I have the function $y(x)=e^{iax}, a\in\mathbb{R}$. Where $0\le x\le 2\pi$, and y(x) is also $2\pi$-periodic.
They asked me to find the fourier coefficients of y(x), which I found out to be $\frac{e^{i2\pi a}-1}{2\pi i(a-n)}$.
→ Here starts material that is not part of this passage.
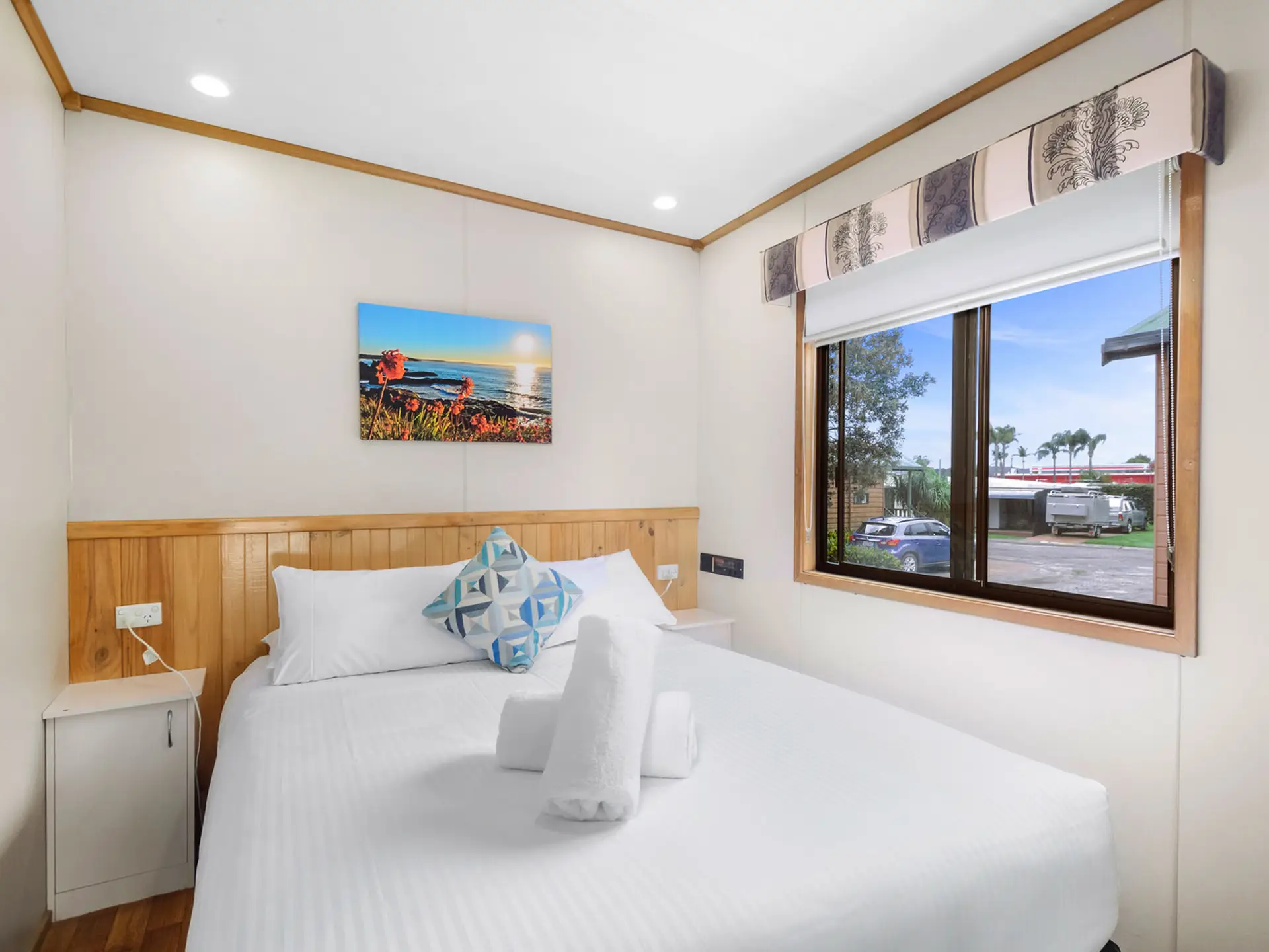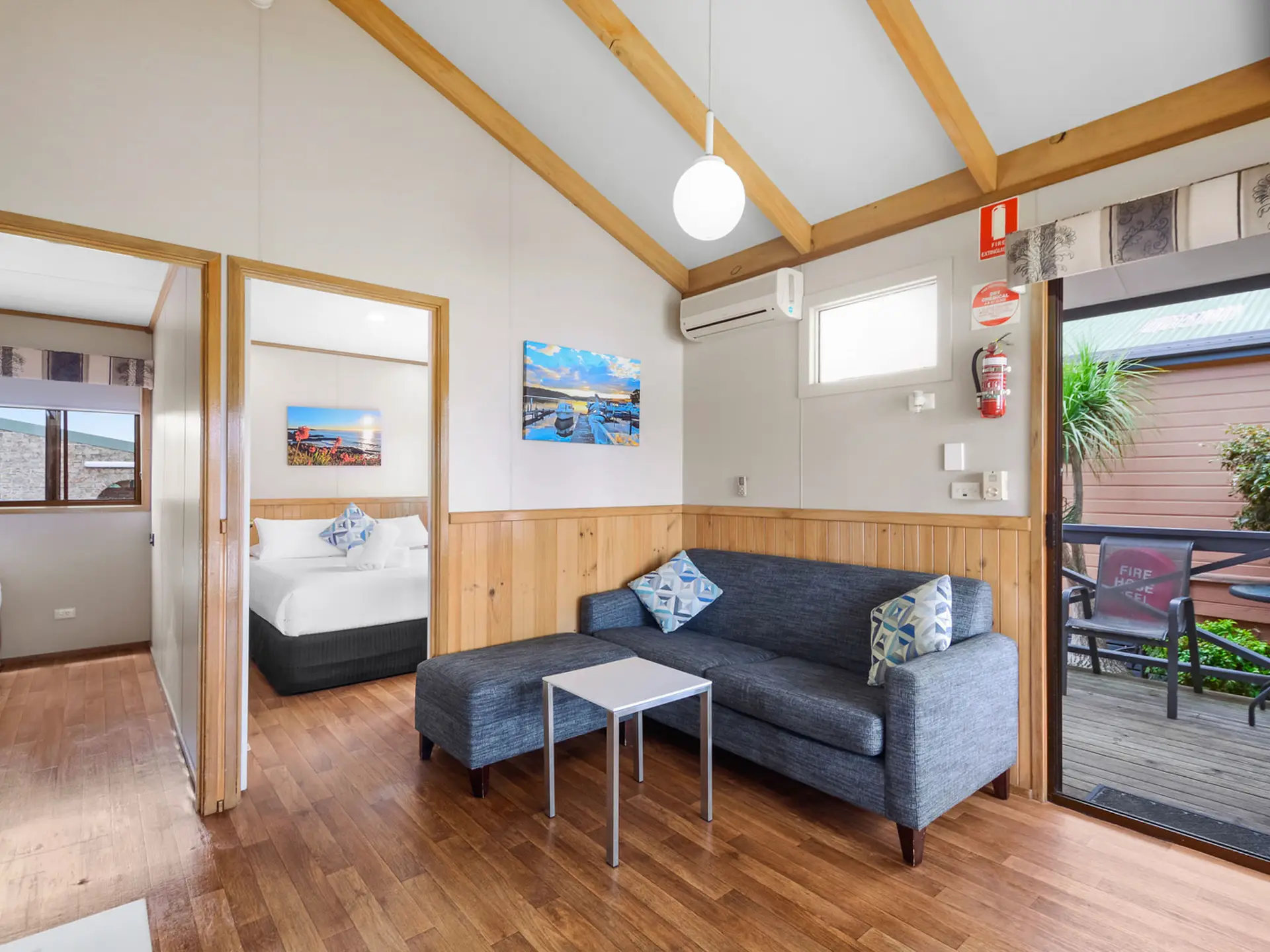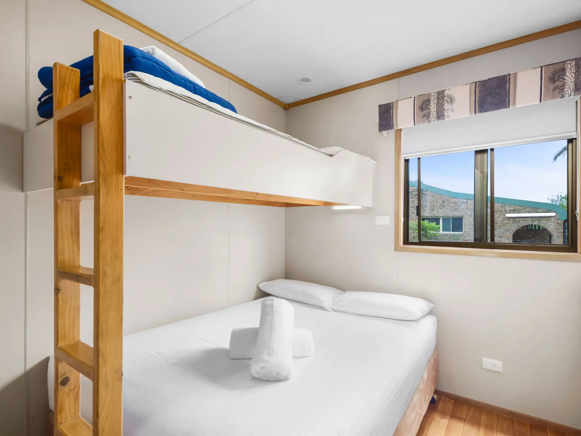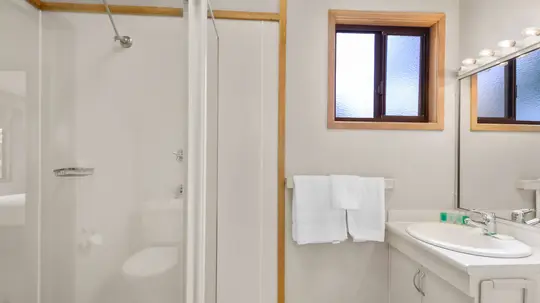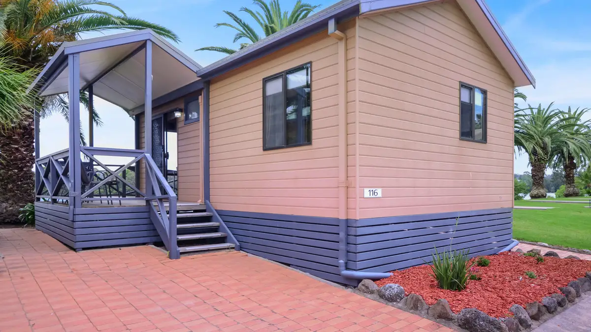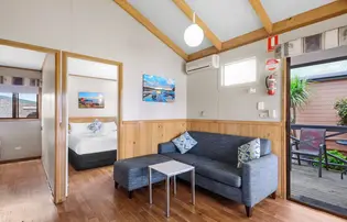 Enjoy uninterrupted river views in this elevated two-bedroom cabin, ideal for up to five guests. Featuring a queen bed in the main bedroom and a double bed with single bunk overhead in the second bedroom, it’s perfect for small families. The full kitchen includes a gas oven, microwave, and fridge, while air conditioning and ceiling fans ensure year-round comfort. A spacious private deck with outdoor setting invites you to relax and soak up the scenery.

But I'm also asked to show that $\sum_{-\infty}^\infty \frac{1}{(a-n)^{2}} = \frac{\pi^{2}}{sin^{2}\pi a} $
In my attempt for a solution, I used Parseval's formula: $\frac{(e^{i2\pi a}-1)^{2}}{4\pi ^{2}}\sum_{-\infty}^\infty \frac{1}{(a-n)^{2}} = \frac{1}{2\pi}\int_{0}^{2\pi} |e^{iax}|^{2} $
I concluded that the right hand side will equal to 1, then I get that:
$\sum_{-\infty}^\infty \frac{1}{(a-n)^{2}} = \frac{4\pi^{2}}{(e^{i2\pi a}-1)^{2}} $
I have tried to play around with the expression at the right hand side of the equality, but cant manage to obtain $\frac{\pi^{2}}{sin^{2}\pi a}$
Any help?
If we expand out $e^{iax}/\sqrt{2\pi}$ defined on $(-\pi,\pi)$ in terms of the orthonormal sequence $e^{ikn}/\sqrt{2\pi}$, $n\in {\mathbb N}$ the coefficients are
$$ c_n=\frac 1{2\pi} \int_{-\pi}^{\pi} e^{iax}e^{-inx}=\frac{\sin(\pi(a-n))}{\pi(a-n)} $$
and from Parseval we get $$ \frac 1{2\pi} \int_{-\pi}^{\pi}dx= 1= \sum_{n=-\infty}^{\infty} \frac{\sin^2(\pi(a-n))}{\pi^2(a-n)^2}. $$ As the squared sine is $\pi$ periodic, this is the same as $$ 1= \sum_{n=-\infty}^{\infty} \frac{\sin^2(\pi a)}{\pi^2(a-n)^2}. $$
You problem is the same as this except that youy need to slide interval over by $\pi$.